Un média politique américain Politico fait parler des sources non-identifiées de l’Union Européenne disant globalement que l’Europe est en position de stand-by vis-à-vis de l’Algérie et attend l’après-Bouteflika.

Il y a dans cet article beaucoup de banalités- que d’aucuns prennent pour des «messages »- sur «l’ouverture » attendue de l’Algérie dans le domaine de l’énergie avec la dose de démesure-cliché à la Sarko sur le fait que l’UE veut empêcher que l’Algérie ne tombe entre les mains de Daech et Al-Qaïda.

Tellement gros que l’ambassadeur algérien à Bruxelles, Amar Belani a choisi d’insister sur cet aspect pour attaquer la «source » de Politico et dénoncer “l’énormité risible et fantasmatique d’une Algérie qui pourrait se retrouver sous la coupe de Daech ou d’Al-Qaïda”.

Le régime Algérien qui, selon les éléments de langage que martèle, M. Ramtane Lamamra, «exporte de la stabilité » (SIC) est ainsi surpris de voir son argument sécuritaire majeur être utilisé à ses dépens dans un contexte de crise de régime avec une bataille pour la «succession » qui risque de s’aiguiser.

L’image d’une Algérie menacée de tomber sous la coupe de Daech ne peut que déplaire à un régime qui fait son marketing international sur le fait qu’il est un «rempart » et un partenaire des occidentaux dans la lutte contre le terrorisme.
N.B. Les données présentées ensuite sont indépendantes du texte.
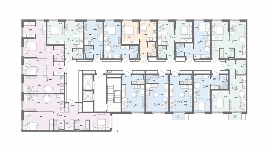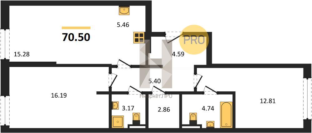 Квартира: 2 к 70,50 кв.м., 6 этаж в комплексе Уральский сад, 1 очередь, корп.Квартал Заповедный, корпус 1, сдача: 2кв. , этажей: 24, адрес Совхозный п., Комбинатская ул., , Застройщик: Страна Девелопмент.

Le souvenir des bons «amis » de Kadhafi

Pourtant, on ne peut que s’étonner de « l’étonnement » de diplomatie Algérienne présumée «réaliste » quand on sait que les Occidentaux ont la capacité de présenter une même situation sous un jour et son contraire. Il n’est pas besoin de faire des recensions exhaustives.

Prenons juste l’exemple de la Libye et du très cher ami des dirigeants occidentaux Mouammar Kadhafi. Il a été aussi un « rempart » jusqu’à ce MM Sarkozy, Cameron et Obama décident qu’il est devenu un obstacle et qu’il faut le dégager par la force.

Ce que nous, Algériens et Maghrébins, devons retenir du cas exemplaire du «guide de la révolution» n’est pas ce retournement de ses « amis » occidentaux, seuls les naïfs peuvent croire que cette amitié est éternelle et définitive.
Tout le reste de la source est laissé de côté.